|
LATANYA SWEENEY
Assistant Professor
Institute for Software Research International
www
Perhaps the biggest clash between technology and society involves
privacy. The task of maintaining privacy and confidentiality in a globally
networked, technically empowered society is quite difficult, tricky
and fun. Data privacy (or more precisely, data anonymity) is emerging
as a new study within computer science that is the study of computational
solutions for releasing information about entities (such as people,
companies, governments) such that certain properties (such as identity)
are controlled while the data remain practically useful. While these
problems have been studied, in part, by statisticians and earlier computer
scientists, their solutions have been rendered insufficient in today's
technically empowered society. So, in data anonymity, we develop new
approaches and tools for today's computational environment.
My colleages and I (in the Laboratory for International Data Privacy,
for which, I am the director) take a two-prong approach to data anonymity.

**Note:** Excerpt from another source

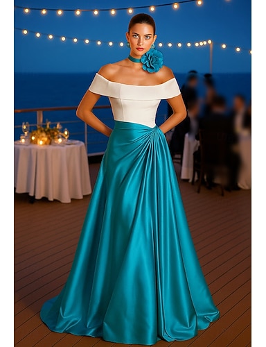 A-Linie Bodenlang Abendkleid Ballkleid Festliche Kleidung Elegant Farbblock seidig Ärmellos Schulterfrei Hochzeit Formell Tasche Satin mit Falten Tasche Schulterblume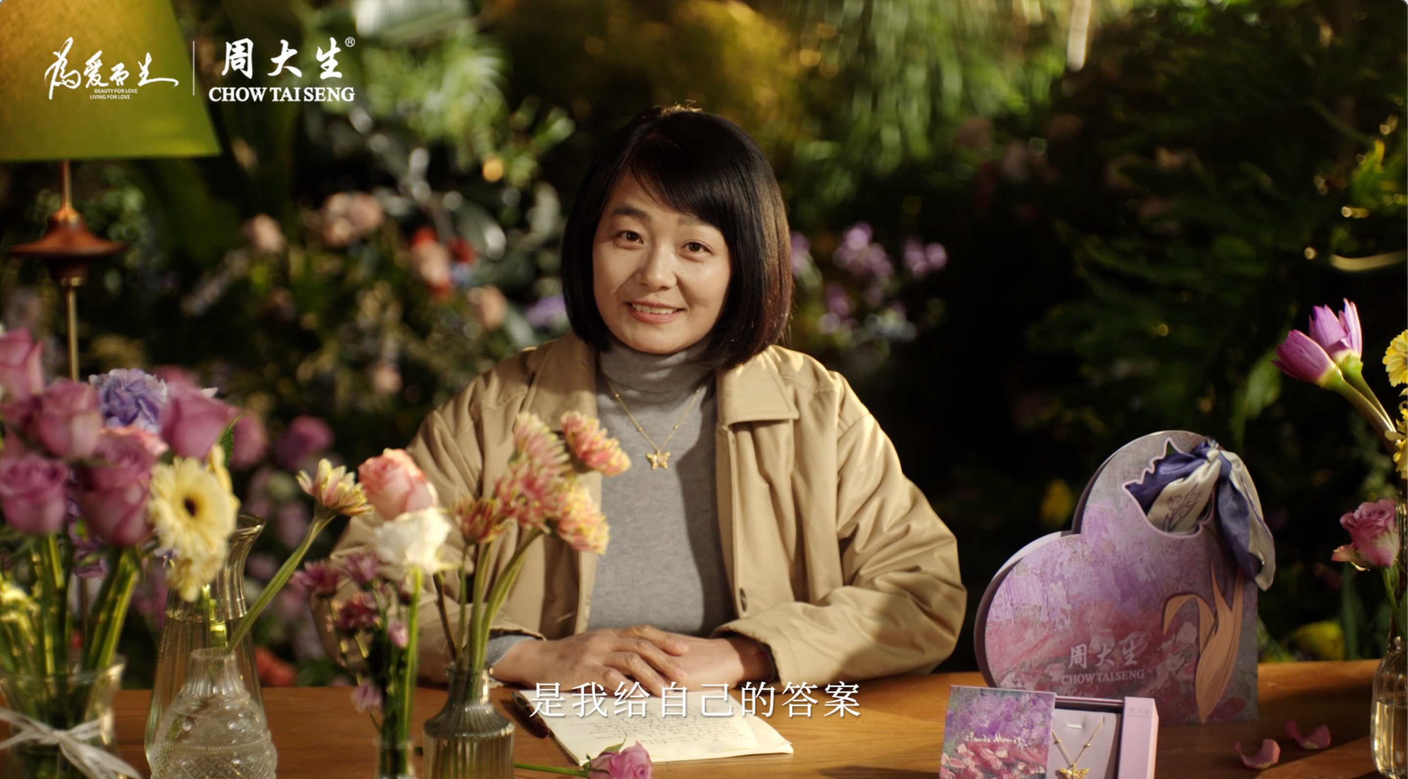在TVC正式发布前,周大生还释放出一支采访片。通过问答的形式和陈慧聊作品、聊生活、聊感悟。自洽,是她反复强调的观点。陈慧此前也表达过:“很多人觉得出走是觉醒,离婚是觉醒,我认为真正的觉醒是看清自己。”在采访片中她也说到:“无法改变大环境时,应该向内求。像棵小草,只要有缝隙,它都会发芽”。这份不内耗、不迎合、从容生长的自洽,也正是品牌想在本次三八妇女节想传递的态度。

On the one hand, we work as data detectives and on the other hand,
we also work as data protectors.
As data detectives, we develop computer systems that learn information
about humans from disparate pieces of information. (This is often called
data re-identification and data fusion.) Work in this area includes
constructing sensitive profiles on individuals, companies or governments
from publicly and semi-publicly available data. We also do re-identification
experiments. Given data believed to be anonymous, we re-identify the
individuals by providing the identities of the people who are the subjects
of the data.
As data detectives, we learn the kinds of attacks that must be thwarted
to adequately protect data. So, as data protectors, we turn our experiences
around. We work on systems that properly de-identify the information
so that scientific guarantees can be made that no one can be re-identified.
I term this two-prong approach computational disclosure control, which
is the study of computational techniques for discovering and controlling
inferences that can be drawn from disclosed data such that the identity
of individuals and other entities contained in the released data cannot
be recognized even though the data remain practically useful.
|